## Work request
Beginning with the line that holds "③ クセになる味「お食事処 くろぼや」名物の「へそうどん」(東広島市福富町久芳)" and ending with the last line, please repeat the entries exactly and omit the pictures.

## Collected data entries

-------

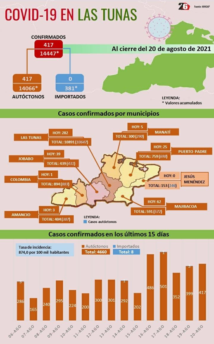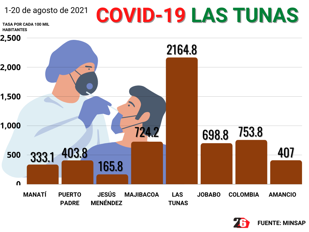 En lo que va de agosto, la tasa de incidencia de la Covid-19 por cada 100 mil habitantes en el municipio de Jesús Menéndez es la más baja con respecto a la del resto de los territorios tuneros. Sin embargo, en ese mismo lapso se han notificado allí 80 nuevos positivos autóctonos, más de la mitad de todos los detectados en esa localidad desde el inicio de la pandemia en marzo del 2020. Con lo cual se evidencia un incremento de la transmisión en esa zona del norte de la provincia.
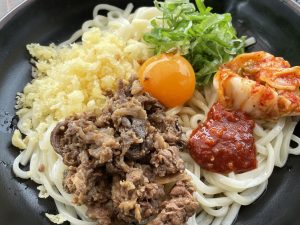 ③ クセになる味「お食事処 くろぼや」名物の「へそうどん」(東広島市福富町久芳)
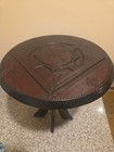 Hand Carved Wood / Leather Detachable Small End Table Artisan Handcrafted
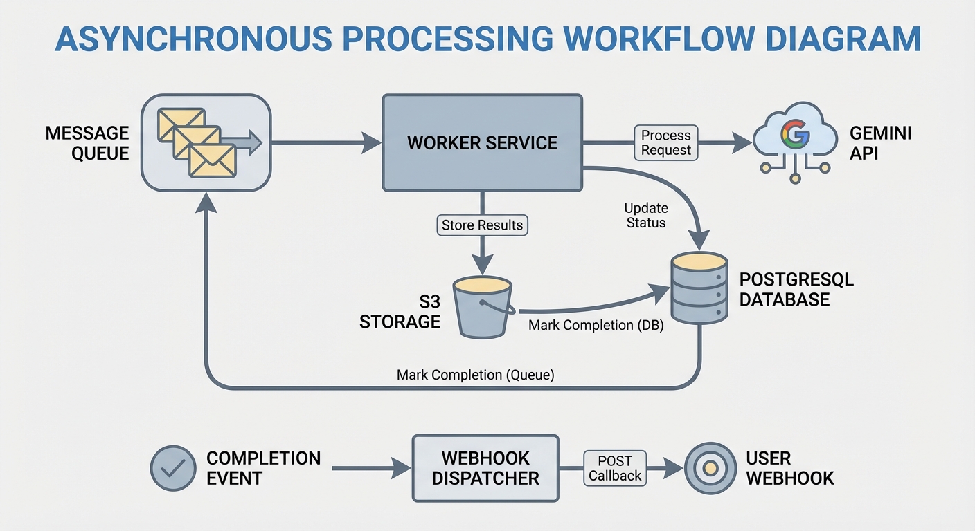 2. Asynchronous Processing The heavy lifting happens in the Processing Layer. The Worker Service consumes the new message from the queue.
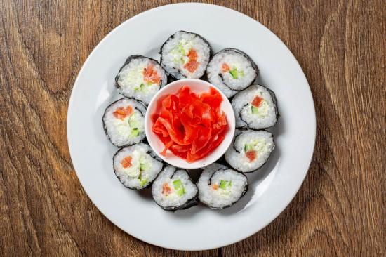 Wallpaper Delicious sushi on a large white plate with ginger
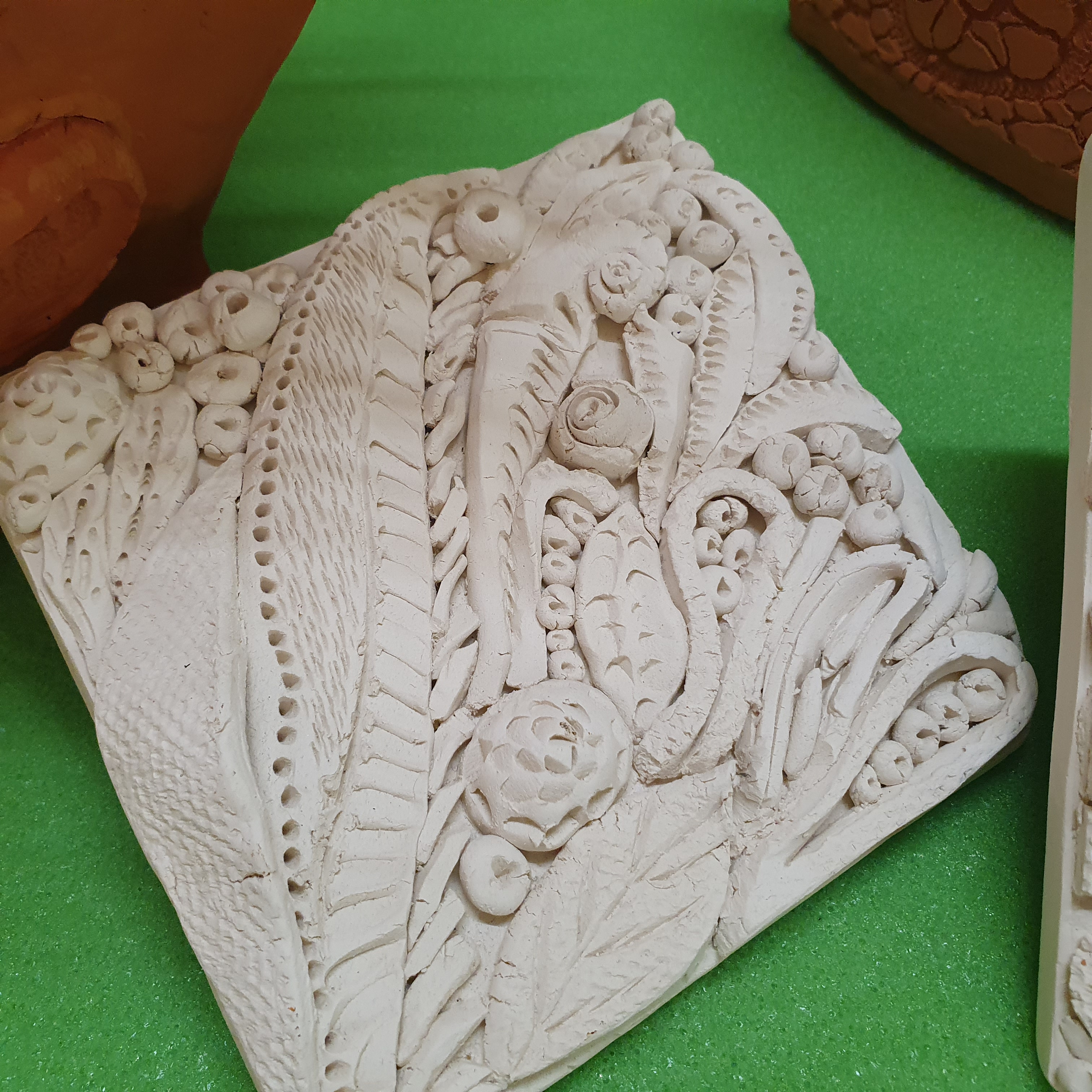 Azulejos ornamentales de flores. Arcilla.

-------

## Response area
 ③ クセになる味「お食事処 くろぼや」名物の「へそうどん」(東広島市福富町久芳)
 Hand Carved Wood / Leather Detachable Small End Table Artisan Handcrafted
 2. Asynchronous Processing The heavy lifting happens in the Processing Layer. The Worker Service consumes the new message from the queue.
 Wallpaper Delicious sushi on a large white plate with ginger
 Azulejos ornamentales de flores. Arcilla.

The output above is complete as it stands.